▶ Exercise brief:
The lines to copy run from the one containing "1年生は、体育の時間にまねっ" to the end of the listing. Please write them out exactly, minus the pictures.

▶ Task inputs:
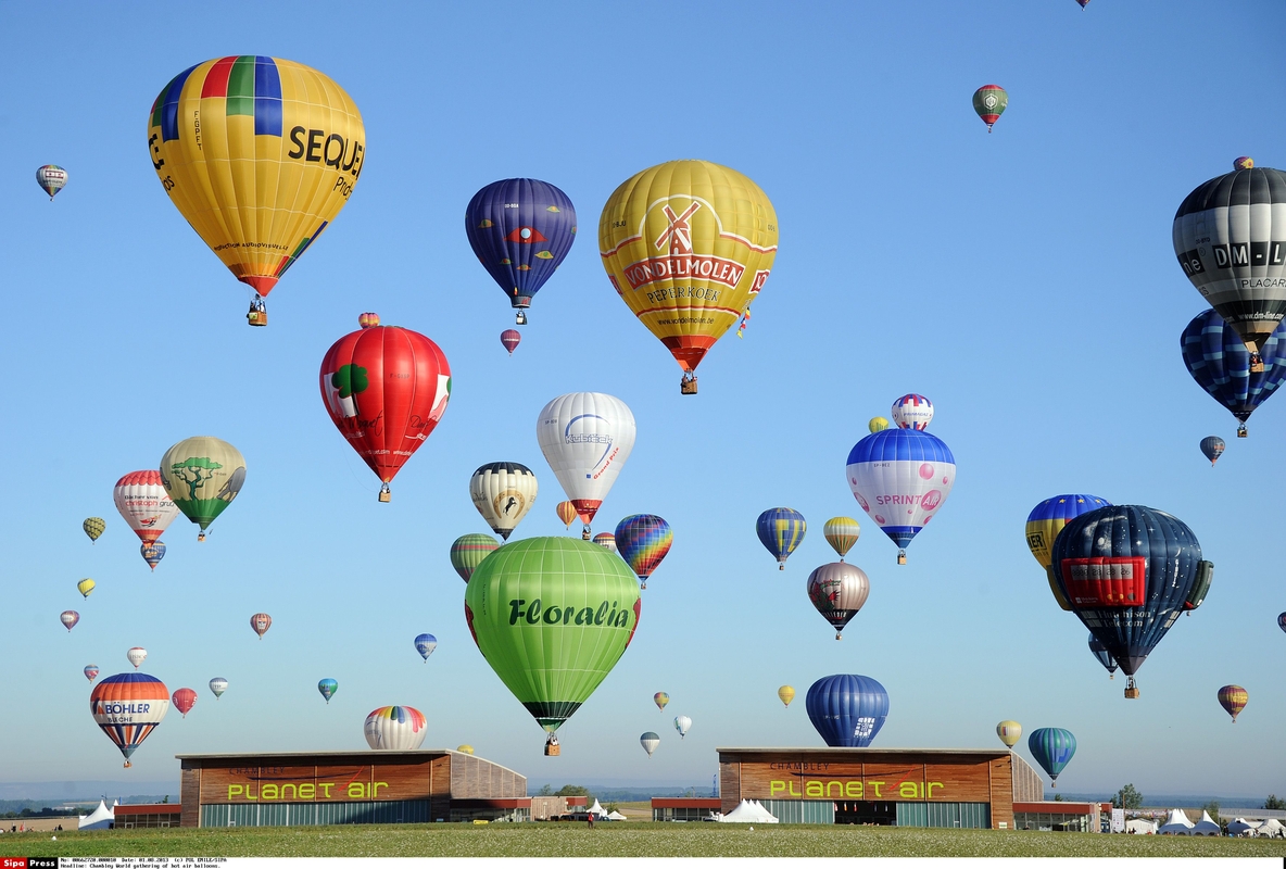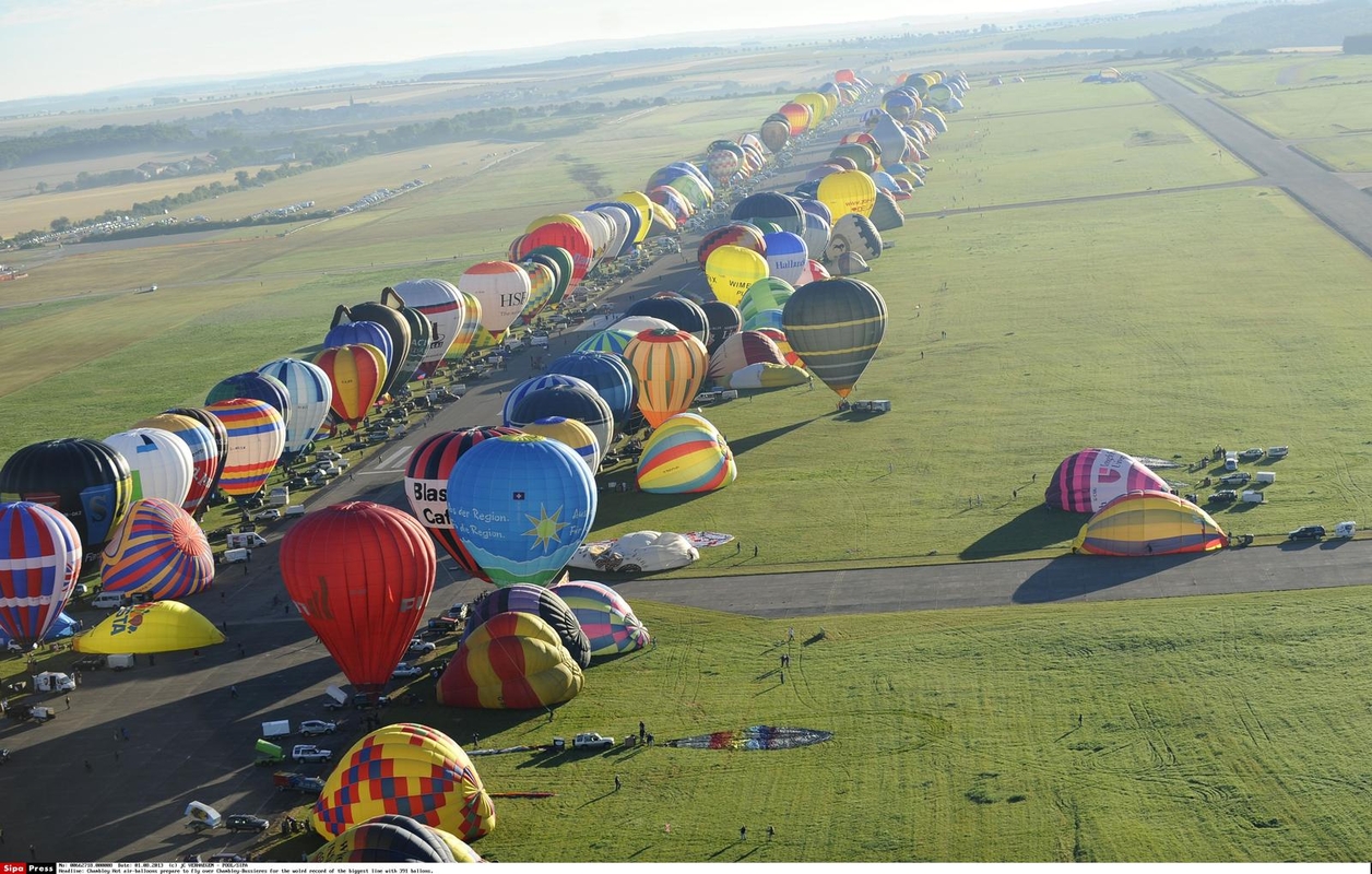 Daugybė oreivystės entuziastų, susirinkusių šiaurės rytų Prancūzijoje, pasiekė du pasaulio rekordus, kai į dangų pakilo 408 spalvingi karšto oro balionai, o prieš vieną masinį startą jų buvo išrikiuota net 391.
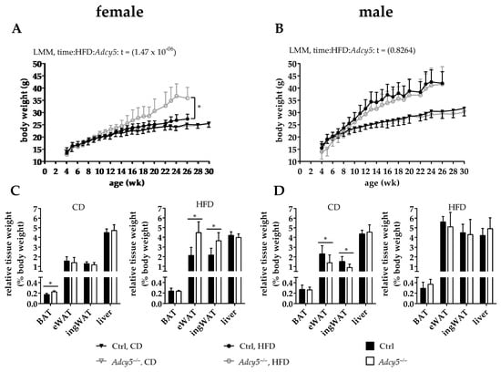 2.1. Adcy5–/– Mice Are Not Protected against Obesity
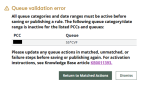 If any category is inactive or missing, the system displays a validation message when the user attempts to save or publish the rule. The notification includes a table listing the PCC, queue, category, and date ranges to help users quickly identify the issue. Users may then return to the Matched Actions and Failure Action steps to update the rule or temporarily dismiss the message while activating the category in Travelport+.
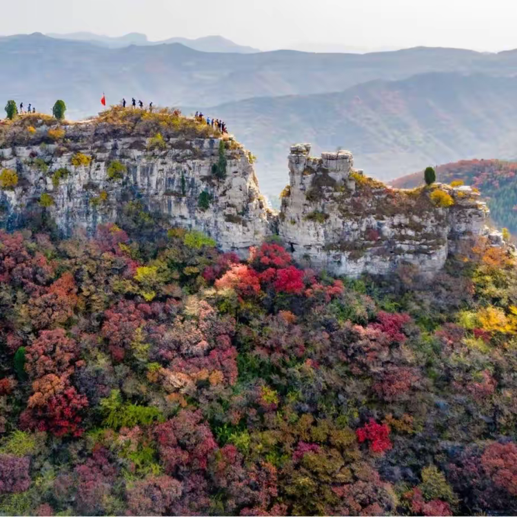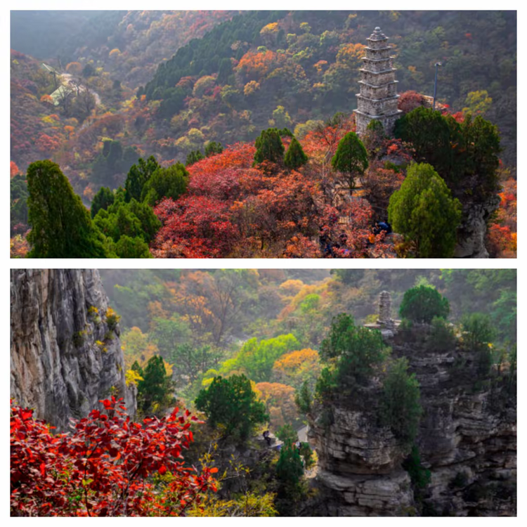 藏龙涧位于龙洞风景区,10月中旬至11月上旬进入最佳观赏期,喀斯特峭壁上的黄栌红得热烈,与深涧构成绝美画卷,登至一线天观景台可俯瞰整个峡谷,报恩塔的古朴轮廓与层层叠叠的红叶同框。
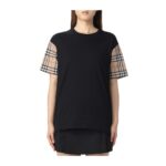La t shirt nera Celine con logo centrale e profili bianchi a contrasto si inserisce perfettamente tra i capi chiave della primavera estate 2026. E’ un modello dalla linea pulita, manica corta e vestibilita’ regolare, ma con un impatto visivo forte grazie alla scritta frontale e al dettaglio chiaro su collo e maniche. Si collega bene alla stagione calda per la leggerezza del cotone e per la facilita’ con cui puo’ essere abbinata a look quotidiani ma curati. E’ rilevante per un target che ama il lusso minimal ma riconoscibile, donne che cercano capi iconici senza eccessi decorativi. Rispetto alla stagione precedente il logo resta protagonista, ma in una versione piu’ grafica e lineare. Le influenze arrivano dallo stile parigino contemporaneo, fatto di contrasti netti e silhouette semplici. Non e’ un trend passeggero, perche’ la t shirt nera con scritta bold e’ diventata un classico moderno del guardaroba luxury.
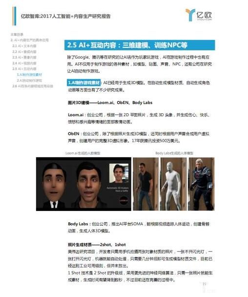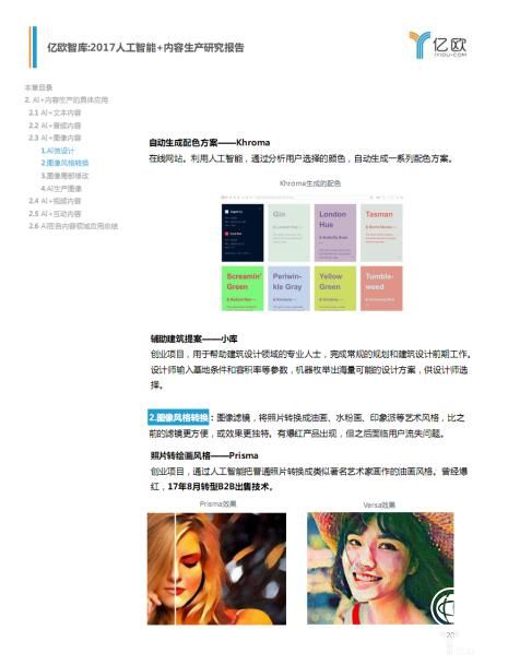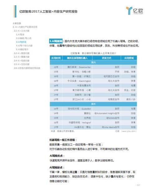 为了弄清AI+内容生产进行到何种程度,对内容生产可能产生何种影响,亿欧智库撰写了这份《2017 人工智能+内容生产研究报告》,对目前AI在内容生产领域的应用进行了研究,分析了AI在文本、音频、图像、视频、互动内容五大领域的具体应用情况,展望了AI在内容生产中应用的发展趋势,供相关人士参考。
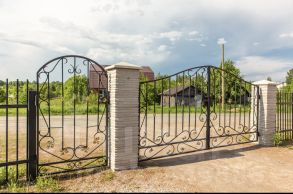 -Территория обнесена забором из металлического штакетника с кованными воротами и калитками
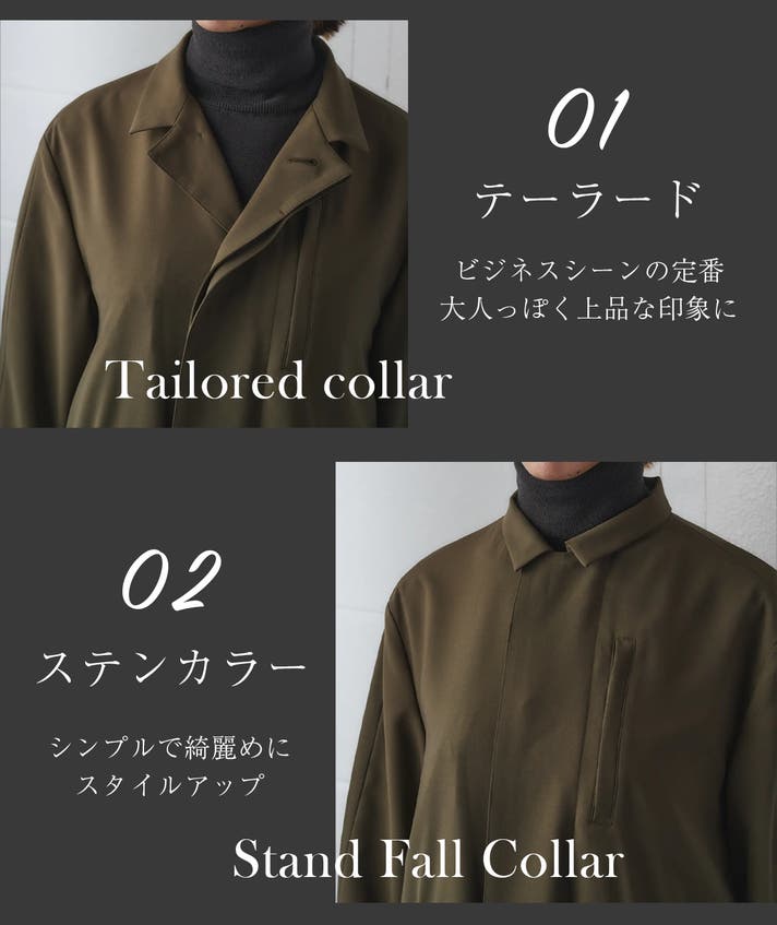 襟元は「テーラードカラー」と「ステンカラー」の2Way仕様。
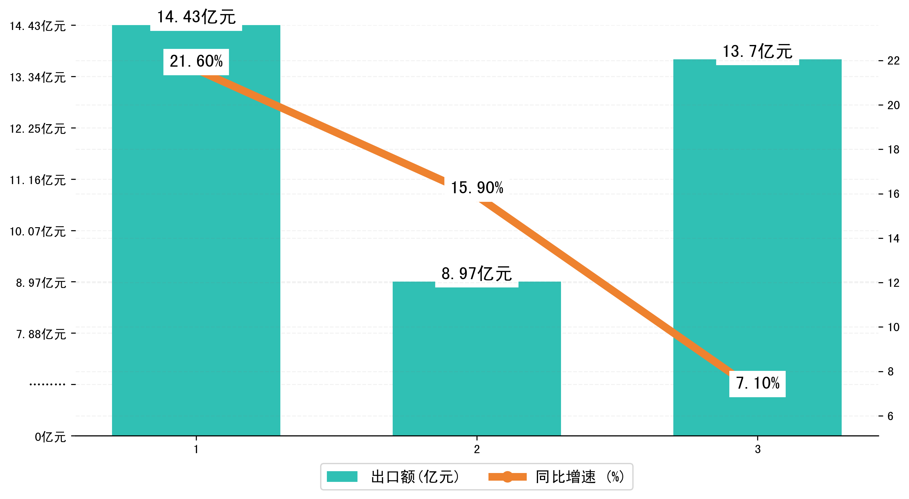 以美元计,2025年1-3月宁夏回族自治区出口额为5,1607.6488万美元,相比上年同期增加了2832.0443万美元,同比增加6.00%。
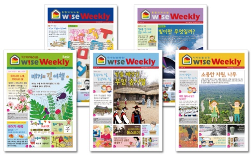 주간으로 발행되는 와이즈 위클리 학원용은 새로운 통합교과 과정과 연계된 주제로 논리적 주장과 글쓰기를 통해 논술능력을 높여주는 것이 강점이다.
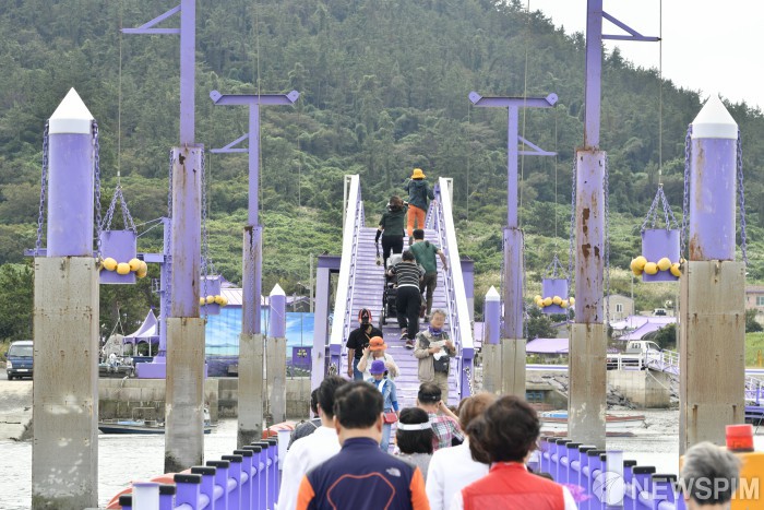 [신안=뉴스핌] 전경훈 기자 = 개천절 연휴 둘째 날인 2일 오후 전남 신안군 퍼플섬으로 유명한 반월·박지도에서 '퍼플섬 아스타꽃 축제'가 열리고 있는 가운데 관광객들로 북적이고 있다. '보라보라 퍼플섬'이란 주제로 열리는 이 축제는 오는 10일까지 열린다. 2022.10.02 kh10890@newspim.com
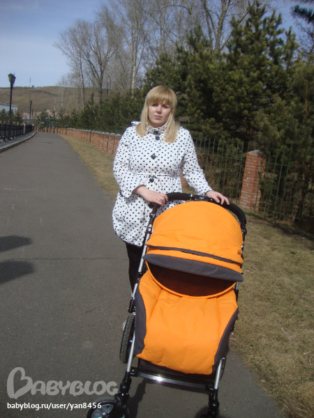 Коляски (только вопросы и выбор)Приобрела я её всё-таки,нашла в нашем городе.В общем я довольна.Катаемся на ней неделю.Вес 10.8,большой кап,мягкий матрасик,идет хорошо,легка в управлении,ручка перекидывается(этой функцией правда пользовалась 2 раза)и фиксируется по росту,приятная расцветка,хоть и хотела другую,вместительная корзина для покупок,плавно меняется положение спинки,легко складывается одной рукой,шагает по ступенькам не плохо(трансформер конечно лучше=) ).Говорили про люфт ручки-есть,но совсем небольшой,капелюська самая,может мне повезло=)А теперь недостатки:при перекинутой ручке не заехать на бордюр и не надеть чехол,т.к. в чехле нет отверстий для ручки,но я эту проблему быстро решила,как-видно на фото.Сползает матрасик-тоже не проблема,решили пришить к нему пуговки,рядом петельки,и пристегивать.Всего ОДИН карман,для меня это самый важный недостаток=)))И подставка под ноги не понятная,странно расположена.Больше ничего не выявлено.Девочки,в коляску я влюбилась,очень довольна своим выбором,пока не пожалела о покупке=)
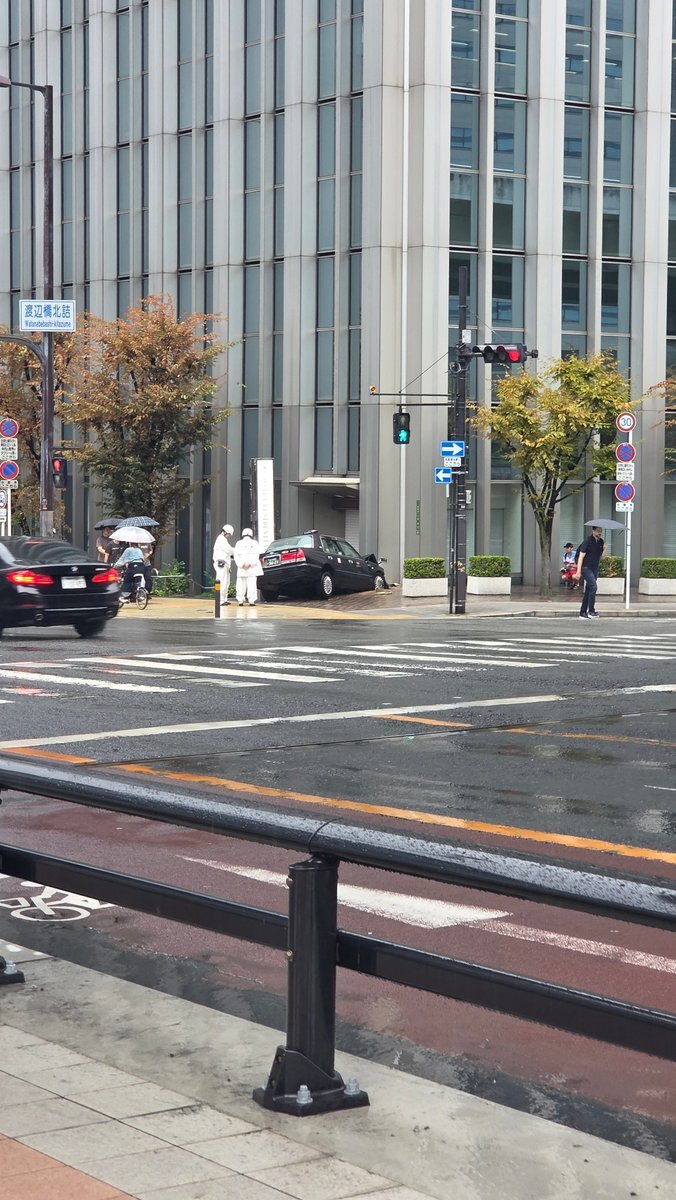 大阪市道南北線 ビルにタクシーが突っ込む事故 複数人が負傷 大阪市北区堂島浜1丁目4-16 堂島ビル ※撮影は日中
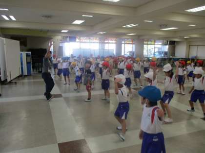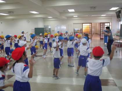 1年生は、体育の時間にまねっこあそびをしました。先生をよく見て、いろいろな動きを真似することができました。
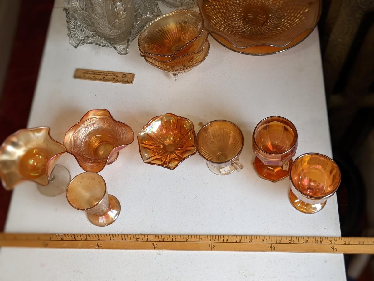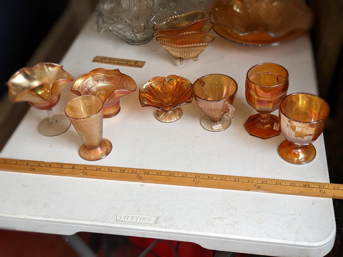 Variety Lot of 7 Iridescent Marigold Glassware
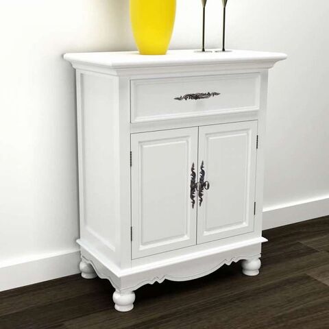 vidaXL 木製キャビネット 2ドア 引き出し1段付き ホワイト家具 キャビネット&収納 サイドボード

▶ Response to the exercise:
 1年生は、体育の時間にまねっこあそびをしました。先生をよく見て、いろいろな動きを真似することができました。
 Variety Lot of 7 Iridescent Marigold Glassware
 vidaXL 木製キャビネット 2ドア 引き出し1段付き ホワイト家具 キャビネット&収納 サイドボード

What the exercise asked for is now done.